S. A. Lindstrom Co. v. Pennsylvania National Mutual Casualty Insurance Co.

1 Pa. D. & C.4th 73, 1989 Pa. Dist. & Cnty. Dec. LEXIS 314
CourtPennsylvania Court of Common Pleas, Dauphin County
DecidedJanuary 11, 1989
Docketno. 735-S-1986
StatusPublished

This text of 1 Pa. D. & C.4th 73 (S. A. Lindstrom Co. v. Pennsylvania National Mutual Casualty Insurance Co.) is published on Counsel Stack Legal Research, covering Pennsylvania Court of Common Pleas, Dauphin County primary law. Counsel Stack provides free access to over 12 million legal documents including statutes, case law, regulations, and constitutions.

Bluebook
S. A. Lindstrom Co. v. Pennsylvania National Mutual Casualty Insurance Co., 1 Pa. D. & C.4th 73, 1989 Pa. Dist. & Cnty. Dec. LEXIS 314 (Pa. Super. Ct. 1989).

Opinion

DOWLING, J.,

Is a surety discharged of its obligation under a payment bond when its principal, the general contractor, has paid a subcontractor who has failed to pay its subcontractor?

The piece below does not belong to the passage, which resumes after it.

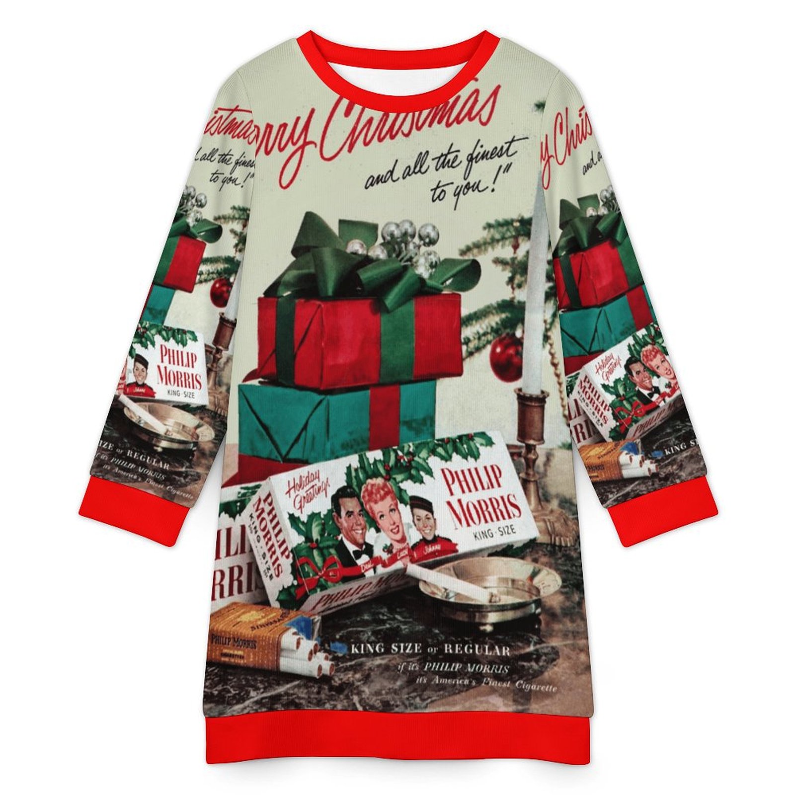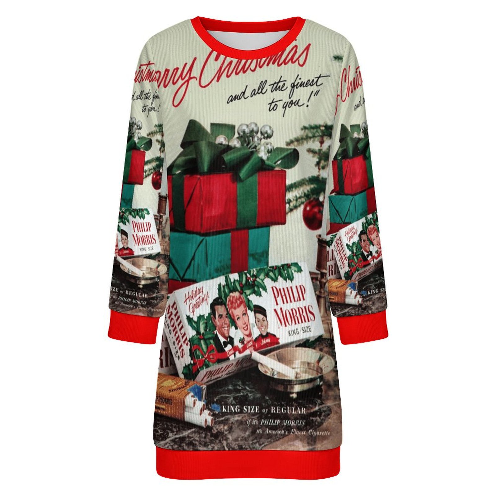 Be the first to review “Lucy and Ricky Vintage Cigarette ad CHRISTMAS SWEATER DRESS . original design”

This case reaches us on stipulated facts which are as follows:

Defendant, Pennsylvania National Mutual Casualty Insurance Company, as surety, executed a payment bond in the principal sum of $3,286,591 with Susquehanna Valley Construction Corporation as principal. The payment bond related to a project involving the construction of the 63d Street Bridge in Swatara Township, Dauphin County. Susquehanna was the general contractor for the project and subcontracted a portion of the work to Eastern Pre-stressed Concrete Corporation which in turn sublet some of the work to plaintiff, S. A. Lindstrom Company.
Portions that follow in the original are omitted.